# bitches with ph 1, common or not?



## Michael Murphy (Nov 27, 2010)

are knpv ph 1 bitches common in holland? 

price ?


----------



## Alice Bezemer (Aug 4, 2010)

Michael Murphy said:


> are knpv ph 1 bitches common in holland?
> 
> price ?


Males are more commonplace than females in training. There are some good females out there but they will be hard to find. Most prefer to train males since they are easier to sell and you don't have to sit at the sideline when a female goes in heat.


----------



## Carmen van de Kamp (Apr 2, 2006)

Alice Bezemer said:


> Males are more commonplace than females in training. There are some good females out there but they will be hard to find. Most prefer to train males since they are easier to sell and you don't have to sit at the sideline when a female goes in heat.


Sitting at the sideline during heat???? That's really old fashioned training. We train normally with females in heat.


----------



## Carmen van de Kamp (Apr 2, 2006)

But most train males yes. I know I'm not a good combination with a female ;-) that's not the female her fault, but my own. For my own experience/development I want a female to title in the future ;-) 

Know in our area of a good female that has issues around her heat. She has a cycle of 4-5 months & isn't trainable (not strong enough then, the other moments she is) from the moment of around 1 month before heat until 1 months after heat. That leaves 3 months trainable and then a period of 4 months not trainable.....


----------



## Alice Bezemer (Aug 4, 2010)

Carmen van de Kamp said:


> Sitting at the sideline during heat???? That's really old fashioned training. We train normally with females in heat.


I don't see why it would be oldfashioned at all to be honest. 

No one says you have to but if you have any kind of common sense you will sideline your female during her heat period.

It's only fair on the other members that train at your club not to **** up their training by persisting you want your female on the field when they are working with their dogs, some that might even be ready to go to trial.

Personal opinion. Taking a female in heat on the field is asking for trouble, not to mention quite selfish. If you choose to buy a female you should consider the fact that she goes into heat once to twice a year and that you should be at the sideline during that time.. After all, you are not the only person trying to achieve something with your dog, your clubmembers are trying to do so as well...why make it harder?


----------



## Carmen van de Kamp (Apr 2, 2006)

Alice Bezemer said:


> I don't see why it would be oldfashioned at all to be honest.
> 
> No one says you have to but if you have any kind of common sense you will sideline your female during her heat period.
> 
> ...




Why would a female in heat f*** up all the training. We don't even ask our members with females if they are in heat ;-) we just train....

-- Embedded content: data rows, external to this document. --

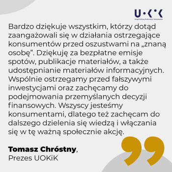– Bardzo dziękuje wszystkim, którzy dotąd zaangażowali się w działania ostrzegające konsumentów przed oszustwami na „znaną osobę”. Dziękuję za bezpłatne emisje spotów, publikacje materiałów, a także udostępnianie materiałów informacyjnych. Wspólnie ostrzegamy przed fałszywymi inwestycjami oraz zachęcamy do podejmowania przemyślanych decyzji finansowych. Wszyscy jesteśmy konsumentami, dlatego też zachęcam do dalszego dzielenia się wiedzą i włączania się w tę ważną społecznie akcję - mówi Prezes UOKiK Tomasz Chróstny.
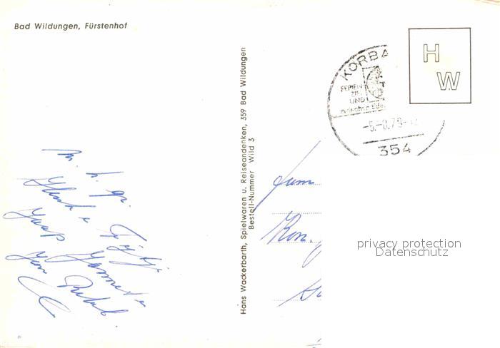 72781308 alte Postkarte Bad Wildungen Fuerstenhof postalisch gelaufen Erhaltung siehe scans [WerneD78] KatCode: 11110006635003
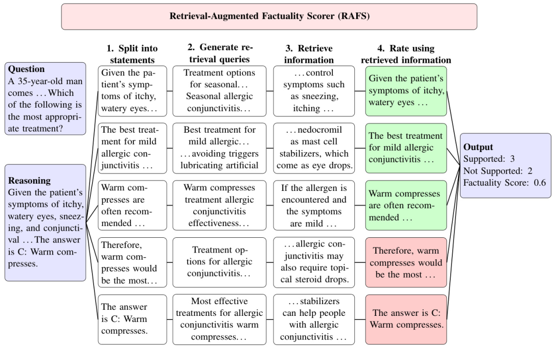 4. 使用检索信息进行评分(Rate using retrieved information):每个语句都与检索到的证据进行比较,并根据其与信息的对齐程度标记为“支持”或“不支持”。推理路径的整体事实得分是支持语句的比例,表示轨迹的事实可靠性。

Trial is often in public areas, a female in heat could have been there. 
After trial during work your dog can encounter females in heat & still needs to work....


----------



## Michael Murphy (Nov 27, 2010)

do most breeders though (usually most are also trainers) train their females in some way even if not to compete, especially their females that they will breed from ( cause their considering worthy) ?


----------



## Alice Bezemer (Aug 4, 2010)

Carmen van de Kamp said:


> Why would a female in heat f*** up all the training. We don't even ask our members with females if they are in heat ;-) we just train....
> 
> Trial is often in public areas, a female in heat could have been there.
> After trial during work your dog can encounter females in heat & still needs to work....


Guess we will have to agree to disagree on this one... 

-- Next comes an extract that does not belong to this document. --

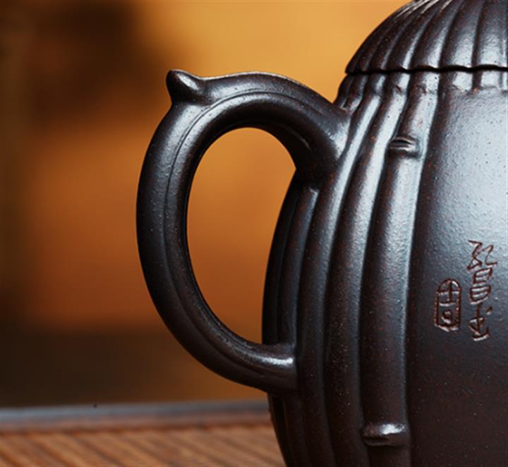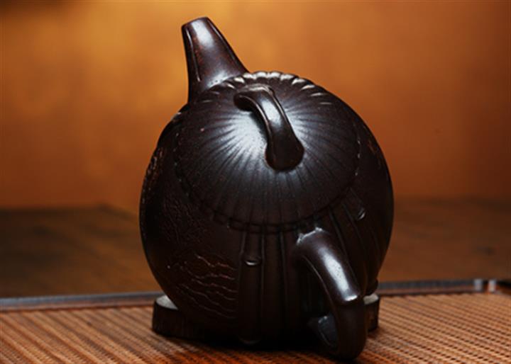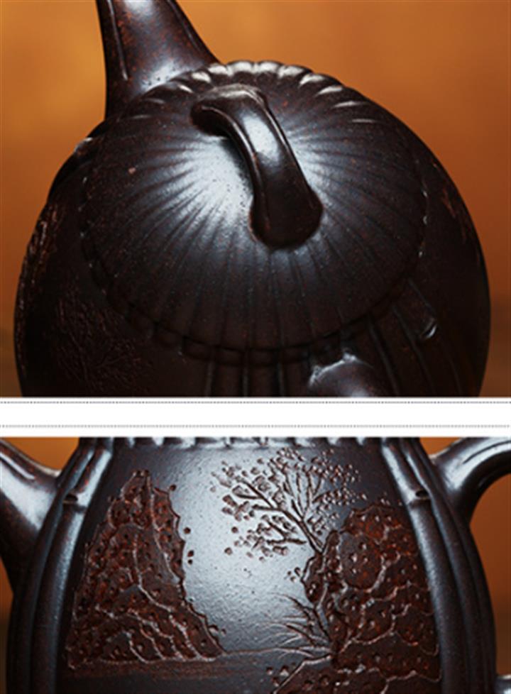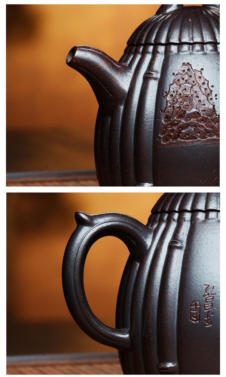 530cc原礦石紅泥春色滿園竹段茶壺POT8645

My personal feeling is that a female in heat has no place on the training or trial or competition field.


----------



## Terrasita Cuffie (Jun 8, 2008)

Carmen van de Kamp said:


> But most train males yes. I know I'm not a good combination with a female ;-) that's not the female her fault, but my own. For my own experience/development I want a female to title in the future ;-)
> 
> Know in our area of a good female that has issues around her heat. She has a cycle of 4-5 months & isn't trainable (not strong enough then, the other moments she is) from the moment of around 1 month before heat until 1 months after heat. That leaves 3 months trainable and then a period of 4 months not trainable.....


 
I had one like that and I eventually spayed her. The rest of the females I've been able to work and trial in season.

T


----------



## Terrasita Cuffie (Jun 8, 2008)

Carmen van de Kamp said:


> Why would a female in heat f*** up all the training. We don't even ask our members with females if they are in heat ;-) we just train....
> 
> Trial is often in public areas, a female in heat could have been there.
> After trial during work your dog can encounter females in heat & still needs to work....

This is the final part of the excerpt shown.